ノミネートの発表から最終投票までの間、アカデミー会員は見逃しているノミネート作品を見て、最終投票する作品を決める。ノミネートを選ぶまでに(少なくとも所属する部門の)多くの作品は見終わっているだろうが、それでもこぼれているものは出てくるし、普段見ないような、ドキュメンタリーや短編、アニメなどについてもノミネートされたモノを取りこぼしないよう見なくてはいけない。部門賞に関しても、例えば作品賞には入っていないけれど部門賞にはノミネートされた作品も何本もあるわけで、それも見なくてはいけないのである。
筆者は今年ゴールデングローブ賞の在外投票者になり、投票を体験した。その経験からしても、この見逃し作品の追っかけ鑑賞はなかなか大変だろうと想像するわけだ。正直なところ、全会員がまじめにノミネート作品全部を見ようとするかといえば、見ないだろうなぁ、と思う。だからなおさら、ノミネートされた作品は何とかして見させるべく、メールなどで「ぜひ!」「オンライン試写を送りますから、お忘れなく」などと最後の一押しに必死になるわけだ。

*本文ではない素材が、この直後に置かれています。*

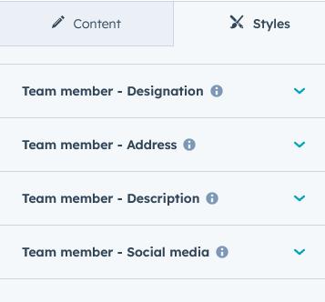 - Team designation: This group contains the style of a team member's designation text.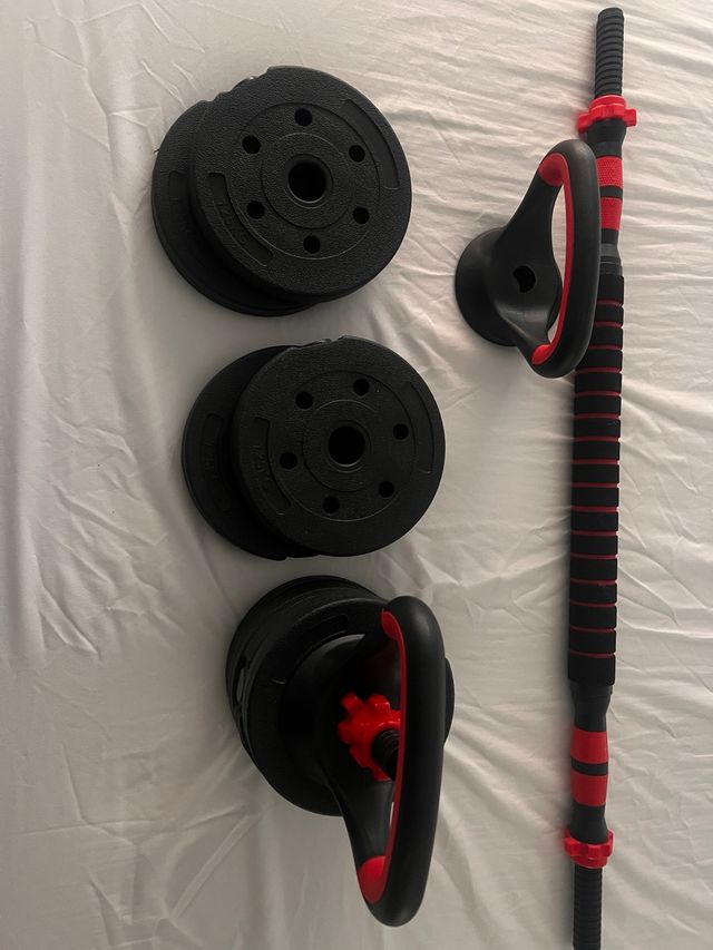 Detalles del productoSet de mancuernas ajustables para entrenar en casa. Incluye varios discos de peso y barras.

さて、そんな中でドキュメンタリー賞、短・長篇のノミネーション作品についてご紹介したい。昨年も書いたが、ドキュメンタリー部門に関しては劇映画部門とは違ういくつかの規定があるので、まず簡単におさらいしておこう。
アカデミー賞ドキュメンタリー部門の選考規定とは?
ノミネートの対象になれるのは、既定の期間に既定の地域(ロサンジェルス、ニューヨーク、カリフォルニアのベイエリア、シカゴ、マイアミ、アトランタ)の劇場で商業的に1週間公開された作品であるか、もしくは既定された映画祭(日本では山形国際ドキュメンタリー映画祭が入っている)で賞を獲得している作品である。
短編の場合は、これにアカデミー主催の学生映画祭で3位以内に入っている作品も加わる。さらに、国際長編作品部門の候補として出品国の代表として推薦されている作品がドキュメンタリーであった場合も、国際長編部門と共に長編ドキュメンタリー部門の応募作として扱われる。
この応募作を、まずアカデミー委員会のドキュメンタリー部門の委員が見て投票を行い、ショートリスト15本に絞り込む。さらに二回目の投票で5本の本選ノミネーション作品を決定し、それを全アカデミー会員が見て、受賞作を決める。このとき、ルールとしては“5本のノミネート作品を全部見て投票する”ことになっている。つまり、5本に絞られるまではドキュメンタリーを作るプロによって選ばれるわけだ。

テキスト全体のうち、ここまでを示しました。